RECORDS SUPPLIED.
= Beginning of Section =

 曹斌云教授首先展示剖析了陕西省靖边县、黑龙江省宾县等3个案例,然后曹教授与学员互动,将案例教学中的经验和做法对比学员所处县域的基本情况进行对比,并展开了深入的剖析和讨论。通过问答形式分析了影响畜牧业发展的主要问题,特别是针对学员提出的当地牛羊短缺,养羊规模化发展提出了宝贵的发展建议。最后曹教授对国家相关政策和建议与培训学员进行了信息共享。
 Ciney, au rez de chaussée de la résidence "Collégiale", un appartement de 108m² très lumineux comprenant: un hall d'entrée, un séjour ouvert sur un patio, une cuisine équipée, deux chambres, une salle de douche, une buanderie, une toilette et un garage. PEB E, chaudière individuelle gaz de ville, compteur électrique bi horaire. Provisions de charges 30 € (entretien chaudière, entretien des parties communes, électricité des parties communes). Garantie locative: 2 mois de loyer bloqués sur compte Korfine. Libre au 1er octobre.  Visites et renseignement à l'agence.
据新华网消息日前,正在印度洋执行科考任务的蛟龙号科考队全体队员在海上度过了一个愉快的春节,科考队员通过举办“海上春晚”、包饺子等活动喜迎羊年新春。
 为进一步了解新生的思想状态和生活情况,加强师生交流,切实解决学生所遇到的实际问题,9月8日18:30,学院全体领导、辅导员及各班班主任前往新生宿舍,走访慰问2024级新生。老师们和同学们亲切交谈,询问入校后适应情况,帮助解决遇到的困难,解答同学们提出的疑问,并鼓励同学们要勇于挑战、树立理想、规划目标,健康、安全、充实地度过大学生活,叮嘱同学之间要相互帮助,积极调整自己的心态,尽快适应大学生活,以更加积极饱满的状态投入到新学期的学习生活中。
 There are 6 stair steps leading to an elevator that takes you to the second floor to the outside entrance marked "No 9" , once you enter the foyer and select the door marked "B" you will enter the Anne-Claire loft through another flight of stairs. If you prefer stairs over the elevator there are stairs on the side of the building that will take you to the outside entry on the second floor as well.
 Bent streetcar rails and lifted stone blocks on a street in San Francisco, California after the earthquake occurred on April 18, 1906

= End of Section =
= Beginning of Section =

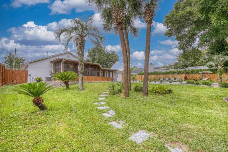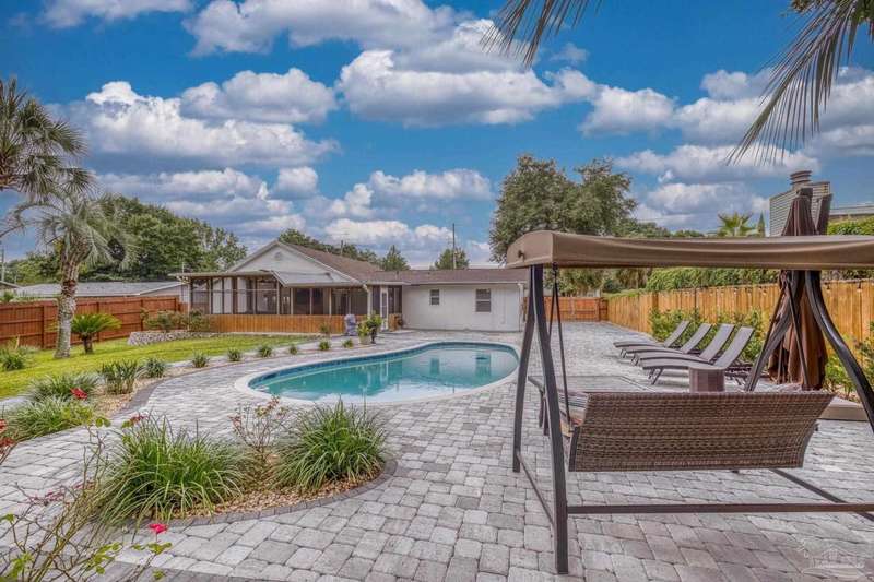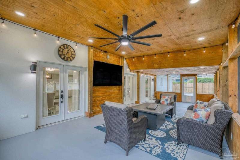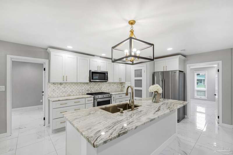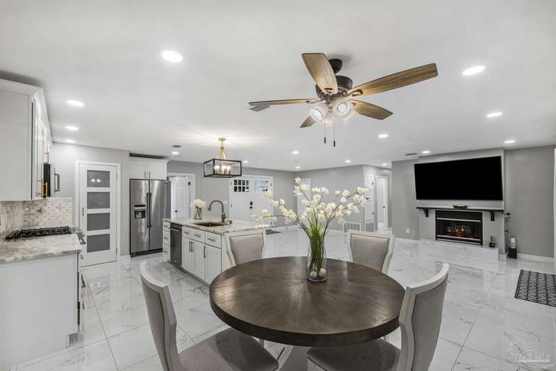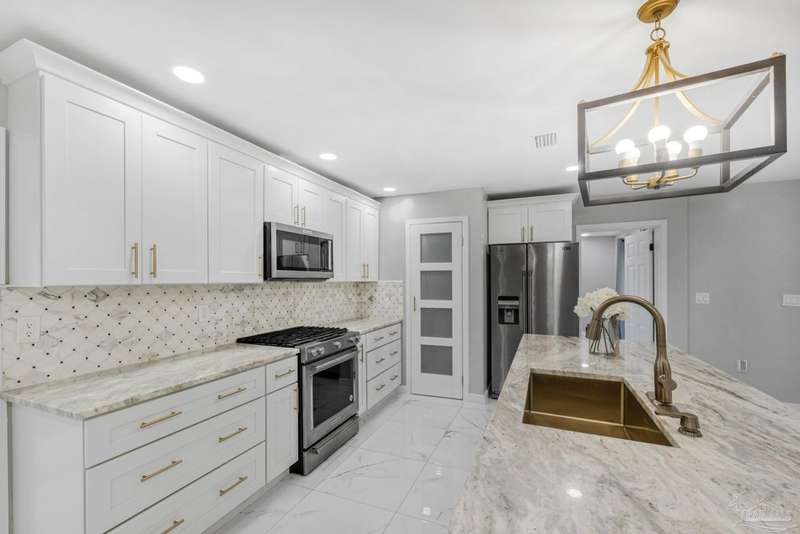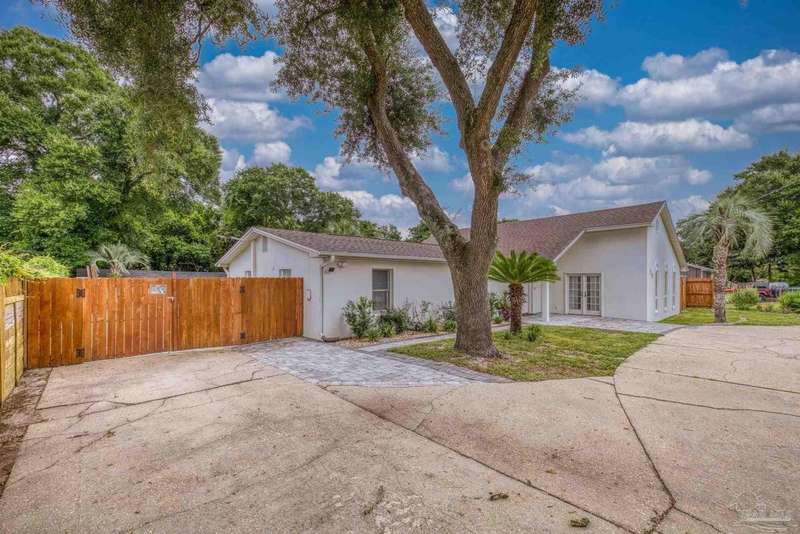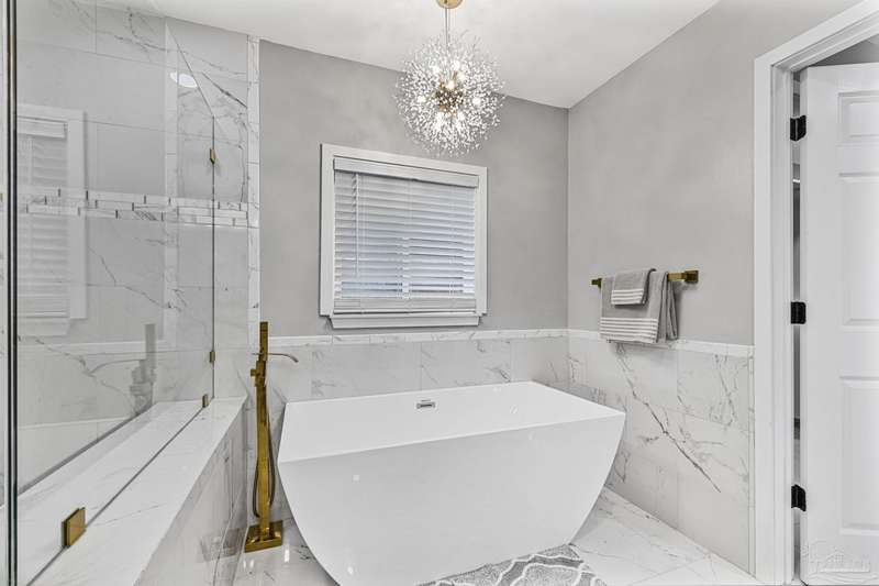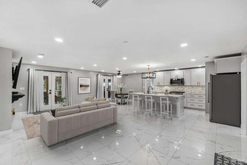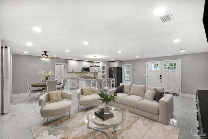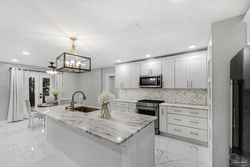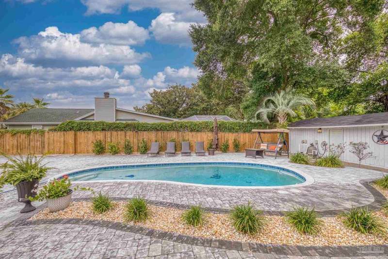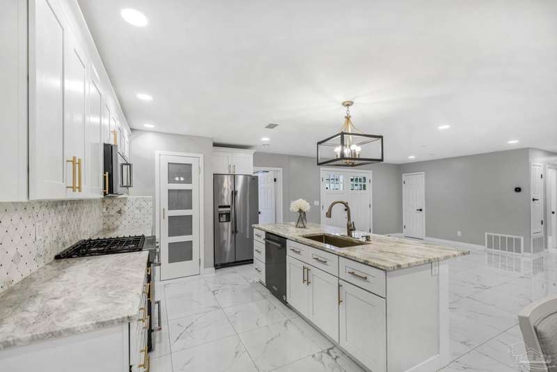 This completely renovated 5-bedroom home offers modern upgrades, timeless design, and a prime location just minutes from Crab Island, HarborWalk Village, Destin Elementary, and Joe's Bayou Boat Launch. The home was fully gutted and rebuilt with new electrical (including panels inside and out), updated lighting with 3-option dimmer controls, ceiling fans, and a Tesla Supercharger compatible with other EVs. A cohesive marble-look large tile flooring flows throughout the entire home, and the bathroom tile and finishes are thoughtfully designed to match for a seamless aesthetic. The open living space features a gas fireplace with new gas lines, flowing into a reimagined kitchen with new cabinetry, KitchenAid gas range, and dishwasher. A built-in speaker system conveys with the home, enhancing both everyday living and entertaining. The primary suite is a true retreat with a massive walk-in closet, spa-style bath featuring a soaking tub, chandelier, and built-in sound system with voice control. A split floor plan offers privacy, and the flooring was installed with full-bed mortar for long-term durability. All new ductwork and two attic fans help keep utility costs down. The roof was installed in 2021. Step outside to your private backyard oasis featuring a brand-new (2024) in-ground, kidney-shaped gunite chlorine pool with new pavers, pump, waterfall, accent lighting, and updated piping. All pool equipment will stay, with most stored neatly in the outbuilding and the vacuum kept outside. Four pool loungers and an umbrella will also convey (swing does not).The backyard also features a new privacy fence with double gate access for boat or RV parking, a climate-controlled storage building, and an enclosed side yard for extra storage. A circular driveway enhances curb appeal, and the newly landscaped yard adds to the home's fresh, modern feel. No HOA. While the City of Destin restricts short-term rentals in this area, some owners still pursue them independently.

= End of Section =

Would you copy out exactly the lines above that start at the one containing "据新华网消息日前,正在印度洋" and end at the one containing "There are 6", inclusive?

TASK ANSWER.
据新华网消息日前,正在印度洋执行科考任务的蛟龙号科考队全体队员在海上度过了一个愉快的春节,科考队员通过举办“海上春晚”、包饺子等活动喜迎羊年新春。
 为进一步了解新生的思想状态和生活情况,加强师生交流,切实解决学生所遇到的实际问题,9月8日18:30,学院全体领导、辅导员及各班班主任前往新生宿舍,走访慰问2024级新生。老师们和同学们亲切交谈,询问入校后适应情况,帮助解决遇到的困难,解答同学们提出的疑问,并鼓励同学们要勇于挑战、树立理想、规划目标,健康、安全、充实地度过大学生活,叮嘱同学之间要相互帮助,积极调整自己的心态,尽快适应大学生活,以更加积极饱满的状态投入到新学期的学习生活中。
 There are 6 stair steps leading to an elevator that takes you to the second floor to the outside entrance marked "No 9" , once you enter the foyer and select the door marked "B" you will enter the Anne-Claire loft through another flight of stairs. If you prefer stairs over the elevator there are stairs on the side of the building that will take you to the outside entry on the second floor as well.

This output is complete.